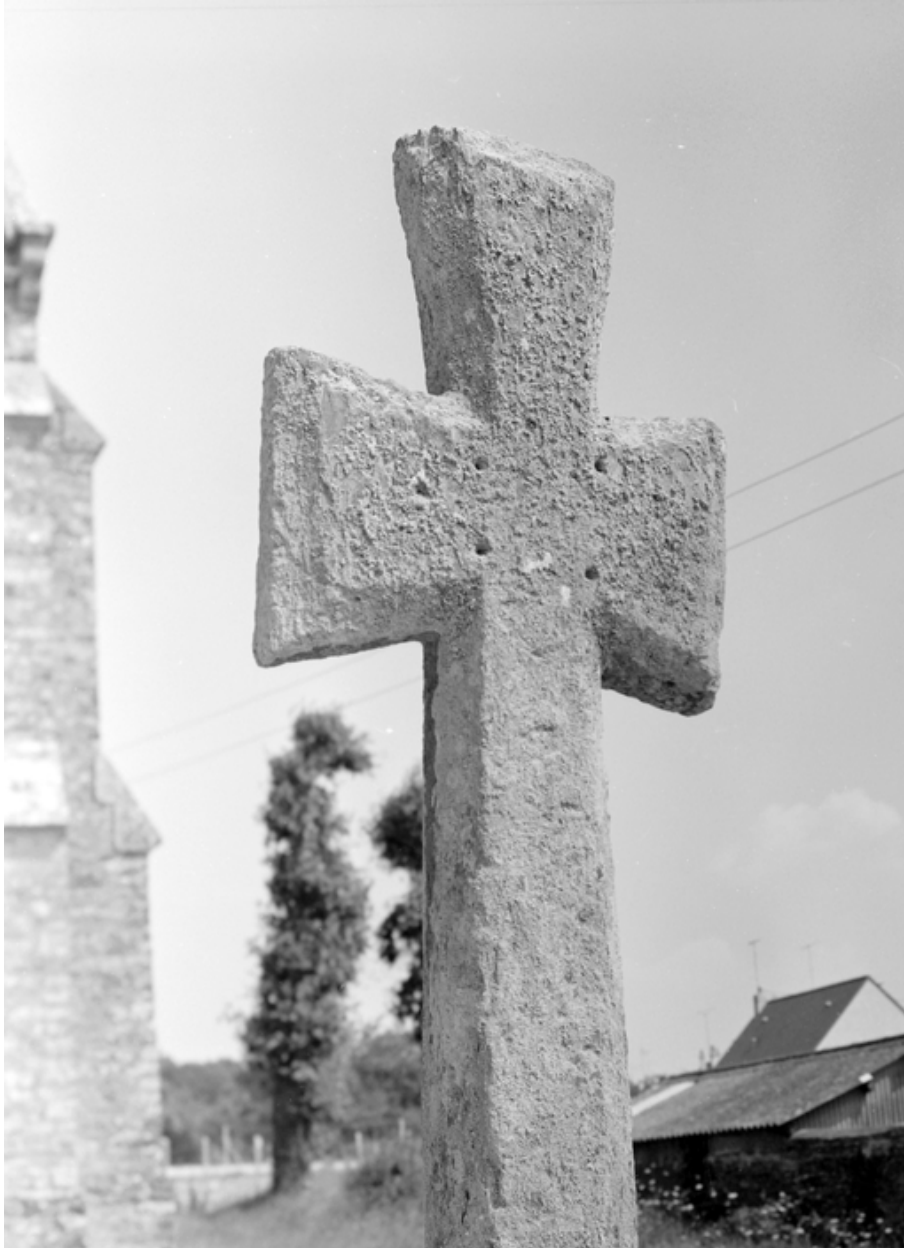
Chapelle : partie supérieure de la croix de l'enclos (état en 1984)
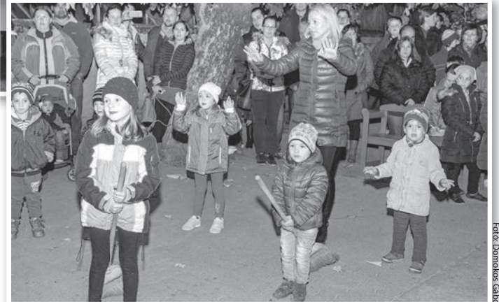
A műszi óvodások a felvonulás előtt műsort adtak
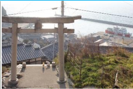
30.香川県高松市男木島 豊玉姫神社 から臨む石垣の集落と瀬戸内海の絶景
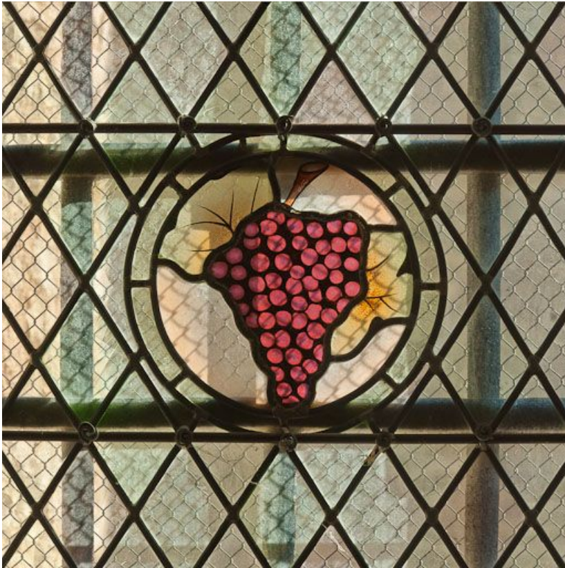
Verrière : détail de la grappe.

───

What the task asks:
Please repeat each line above exactly as it appears, but omit the pictures.

Written reply:
Chapelle : partie supérieure de la croix de l'enclos (état en 1984)
A műszi óvodások a felvonulás előtt műsort adtak
30.香川県高松市男木島 豊玉姫神社 から臨む石垣の集落と瀬戸内海の絶景
Verrière : détail de la grappe.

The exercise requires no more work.